TABLE 1 alloy spectra (1)
From the spectral results in table 1, after the alloy lead strip is melted, a large amount of lead slag does not appear on the surface of the lead furnace, and under the temperature control range, obvious burning loss of elements does not appear, and the alloy lead strip is basically kept close to the alloy lead strip.
The lead liquid is used for powder making, and no abnormal condition occurs.
Example 2
The waste batteries are recovered, crushed, smelted, purified and decontaminated, the element proportion is controlled, alloy is prepared, each element component is 99.2 percent Pb-0.8 percent Ba, alloy lead is conveyed into a lead melting furnace to be melted through a transmission belt, the melting furnace is heated to 450 ℃, the temperature is reduced after alloy lead strips are added, the lead melting furnace begins to heat and raise the temperature, the process temperature is controlled to be not more than 490 ℃, the final holding temperature is 485 ℃, alloy lead is melted into liquid, lead ingots are sampled from 3 different positions of a lead pot respectively, and are used for alloy spectral analysis, and the burning loss condition of the alloy elements is confirmed, as shown in table 2.
Table 2 alloy spectrum (2)
From the analysis of the spectrum results, after the alloy lead strip is melted, a large amount of lead slag does not appear on the surface of the lead furnace, and under the temperature control range, obvious burning loss of elements does not appear, so that the alloy lead strip is basically kept close to the alloy lead strip.

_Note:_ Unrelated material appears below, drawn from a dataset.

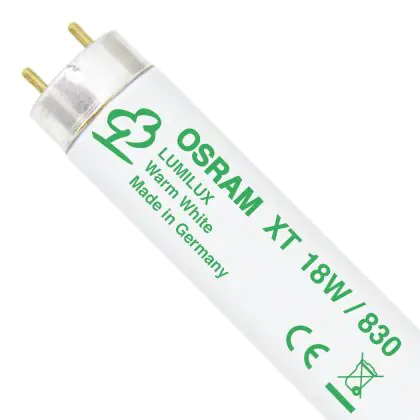 Gli Osram T8 L 18W/830 XT G13 Warm White sono tubi fluorescenti che presentano una base G13 e misurano 59cm. La potenza di questi tubi fluorescenti corrisponde a 18W. Tali tubi rientrano in classe energetica 'A'. L'indice di resa cromatica si assesta nell'intervallo di 80-89Ra. La caratteristica peculiare di queste lampade sta nella loro lunga durata veramente eccezionale di 50.000 ore. I tubi in questione, con una temperatura di colore di 3000K, garantiscono una luce bianca calda, adatta per ambienti in cui si ricerca accoglienza e vivacità allo stesso tempo.

The use of the lead liquid for powder production has poor fluidity, and the powder production efficiency is reduced by about 13% compared with that of the embodiment 1.
Example 3
The waste batteries are recovered, crushed, smelted, purified and decontaminated, the element proportion is controlled, alloy is prepared, each element component is 99.5 percent Pb-0.5 percent Ba, alloy lead is conveyed into a lead melting furnace to be melted through a transmission belt, the melting furnace is heated to 450 ℃, the temperature is reduced after alloy lead strips are added, the lead melting furnace begins to heat and raise the temperature, the process temperature is controlled to be not more than 490 ℃, the final holding temperature is 485 ℃, alloy lead is melted into liquid, lead ingots are sampled from 3 different positions of a lead pot respectively, and are used for alloy spectral analysis, and the burning loss condition of the alloy elements is confirmed, as shown in table 3.
TABLE 3 alloy spectra (3)
From the analysis of the spectrum results, after the alloy lead strip is melted, a large amount of lead slag does not appear on the surface of the lead furnace, and under the temperature control range, obvious burning loss of elements does not appear, so that the alloy lead strip is basically kept close to the alloy lead strip.
The use of the lead liquid for powder production has poor fluidity, and the powder production efficiency is reduced by about 30% compared with that of the embodiment 1.
Example 4
The waste batteries are recovered, crushed, smelted, purified and decontaminated, the element proportion is controlled, alloy is prepared, the element components are 98.8 percent Pb-1.2 percent Ba respectively, alloy lead is conveyed into a lead melting furnace to be melted through a transmission belt, the melting furnace is heated to 450 ℃, the temperature is reduced after alloy lead strips are added, the lead melting furnace begins to heat and raise the temperature, the process temperature is controlled to be not more than 490 ℃, the final holding temperature is 485 ℃, the alloy lead is melted into a liquid state, the lead liquid is stirred, lead ingots are sampled from 3 different positions of a lead pot respectively and are used for alloy spectral analysis, and the burning loss condition of the alloy elements is confirmed, as shown in table 4.
Table 4 alloy spectrum (4)
From the analysis of the spectrum results, after the alloy lead strip is melted, a large amount of lead slag does not appear on the surface of the lead furnace, and under the temperature control range, obvious burning loss of elements does not appear, so that the alloy lead strip is basically kept close to the alloy lead strip.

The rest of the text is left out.